Amendment 4 restored the voting rights of Floridians with prior felony convictions after all terms of their sentence have been met, including parole and probation. This amendment only applies to felons who have not been convicted of murder or sexual offenses.

On January 8, 2019, an estimated 1.4 million ex-felons regained their right to vote. This is monumental. Prior to this amendment, Florida was one of four states that used felony disenfranchisement. Amendment 4 gives voice, and rightfully so, to felons who have served their time. Amendment 4 is also putting to rest, finally, years and years of disenfranchisement and suppression.

Now, only two months after its passage, the House Criminal Justice Committee is trying to water down this piece of legislation. This is a direct violation of the will of the 64% of Floridians who voted for the legislation as is. This amendment was not to be "clarified," as Governor DeSantis put it, but rather to be self-implementing.

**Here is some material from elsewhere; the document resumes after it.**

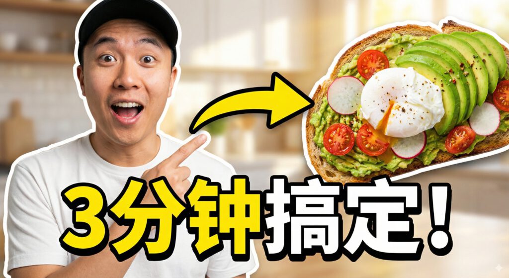 文字:在中间叠加醒目的流行风格文字:“3 分钟搞定!”。使用粗白线和阴影。

However, the House Criminal Justice Committee proposed a bill that would tack on some extra qualifiers in order for felons to be enfranchised. The bill will require court fines, fees, and other "financial obligations" (in addition to fees administered in a judge's sentence) to be paid in full before a felon's voting rights are restored. This seems awfully similar to a poll tax to me. Obviously, this is going to affect people without a lot of resources rather than white-collar criminals who can afford a $500,000 bond.

This new qualifier will prevent felons from voting based on the money that can be coughed up as if they don't have to worry about their finances long after they leave prison.

Some may argue that these felons shouldn't have committed a crime in the first place. However, I would argue that holding a felon's vote hostage on the basis of money is unconstitutional.